Five peribulbar injection techniques were developed via trial and error. First, we used two injection techniques reported in people, 19 cats 17 and dogs, 18 where the needle is inserted at the ventro-lateral (VL) orbit (Figure 1(a)) or the dorso-medial (DM) orbit using a 75° estimated needle angle to the orbit floor (DM-75°; Figure 1(b)). As the DM seemed to result in vascular intracranial contrast, the needle angle to the orbit floor was changed to 45° (DM-45°; Figure 1(b)). Finally, two more injection sites were investigated: the medial canthus (MC; Figure 1(c)), which was reported in dogs, 18 and the mid-ventral (MV; Figure 1(d)), which was investigated in order to avoid the retro-orbital plexus of rats. 20 A volume of 0.1 mL/100 g was used based on extrapolation from cat studies, 17 which resulted in some exophthalmos, reported previously in cat and dog cadavers.17,18 A supplement of another 0.1 mL/100 g was tested in two eyes with the DM-75° technique, but this resulted in severe exophthalmos and was not assessed further.

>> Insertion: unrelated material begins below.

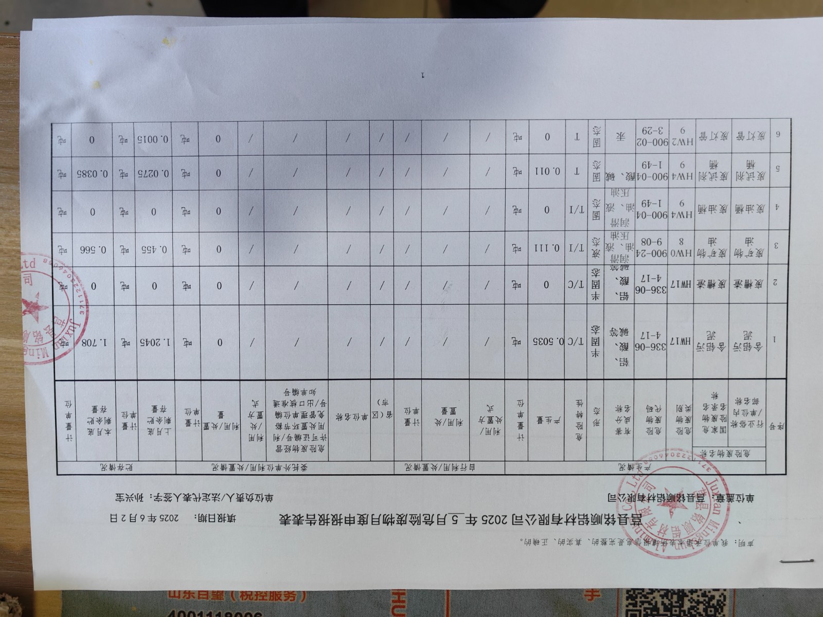 2025年6月危险废物报表新表

Peribulbar injection techniques in rats. Needle insertion is shown at (a) the ventro-lateral (VL), (b) dorso-medial with 75° angle to the orbit floor (DM-75°) or 45° angle (DM-45°), (c) the medial canthus (MC) and (d) mid-ventral (MV).

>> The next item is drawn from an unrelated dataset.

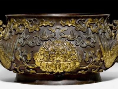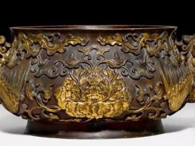 瑞士家庭装网球的旧铜钵原来是珍贵的清朝宫廷御用“牡丹凤凰”鎏金宣德炉(神秘的地...
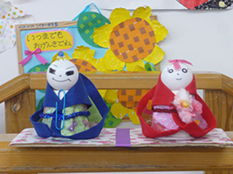 ひな人形を作りました。うるまの里の桜の木の下で

Computed tomography (CT; Philips MX8000 IDT; Philips Medical Systems Technologies Ltd, Cleveland, OH) was used to image injectate distribution and to compare the four injection techniques. CT scans were performed using an ‘EAR’ protocol with contiguous transverse slices 0.8 mm thick, a KV of 90 and a MAS of 150. A board-certified veterinary radiologist (K.B.), who was masked to the technique used, reviewed the CT images using an open-source image analysis software programme (Horos; Horos Project) in bone and soft-tissue window. Injectate distribution was scored at four locations: extraconal, intraconal, around the optic nerve and at the orbital fissure (scale 0–2 for each location; 0 = none, 1 = good, 2 = excellent), and the total scores were summarised (scale 0–8, where 0 = none and 8 = excellent; Table 1). Injectate distribution likely to produce successful anaesthesia was defined as moderate to large intraconal distribution and moderate to large optic nerve contact (Table 1). This assessment method was previously used to develop PBA techniques in cat and dog cadavers.17,18 Additionally, complications such as accidental intraocular, intravascular or intra-thecal injectate were recorded.

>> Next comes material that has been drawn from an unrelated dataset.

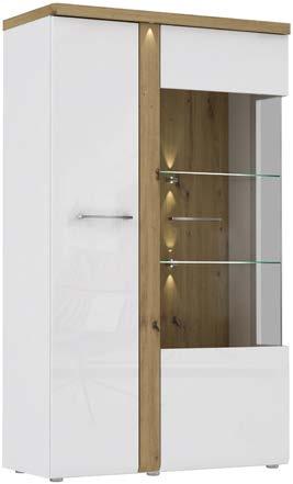 Mодулна програма за дневна Тулуза MDF/ПДЧ, декори бял и дъб артисан, акцентиращо Led осветление с топла светлина, витрини и стъклени рафтове. Декор дъб артисан във вътрешността на видимите елементи.

Scoring system guidelines for lidocaine:iohexol 1:1 (volume ratio) injectate distribution following peribulbar injections in rat cadavers.
Part 2: Exploring PBA techniques and the volume required in an experimental setting
Two rats (n = 4 eyes) were used in a randomised, masked, crossover study design with a two-week washout period between treatments. The two superior techniques with the highest total score from part 1 of the study were used (DM-75° and MC). Each rat was injected twice with both techniques (n = 2 per technique), each technique in a different eye. Randomisation of treatments and the eye to be treated (right or left) was performed using a computer-generated random list (https://www.random.org/lists/). Two volumes of bupivacaine hydrochloride 0.5% (Marcain heavy; Aspen Pharma Trading Ltd, Dublin, Ireland) were tested. In the first session, a volume of 0.1 mL/100 g (5 mg/kg) was used (based on the rat cadaver study), but since severe exophthalmos was observed and anaesthetic effects were excessively prolonged, the volume was reduced to 0.05 mL/100 g (2.5 mg/kg) in the second session (n = 2 per volume).
Prior to each injection session, rats underwent baseline general ophthalmic examination by a veterinarian, after which the following parameters were recorded. Corneal sensitivity was recorded as measured via corneal touch threshold (CTT) using a Cochet–Bonnet esthesiometer (Luneau Ophtalmologie, Chartres Cedex, France). Briefly, a fully extended thin nylon filament is placed in contact with the central cornea. If no blink occurs, the length of the nylon filament is decreased in 0.5-cm increments until the rat demonstrates a blink reflex in response to at least three of five stimulations. 21 Lack of corneal sensitivity was recorded when the rat did not blink in response to the shortest filament length of 0.5 cm. Periocular skin sensitivity (PSS) to mechanical stimuli was measured using von Frey filaments (North Coast Medical, Inc., San Jose, CA) applying gentle pressure that caused an observable indentation of the skin at four locations around the orbit: dorsal, ventral, medial and lateral. Six von Frey filaments equivalent to pressures of 1, 10, 26, 60, 180 and 300 g were used in ascending order. Due to the high sensitivity of the periorbita, a blink reflex will occur immediately, unless the periorbita is anaesthetised. 13 Lack of PSS was recorded when the periorbita did not responded to the 300 g filament.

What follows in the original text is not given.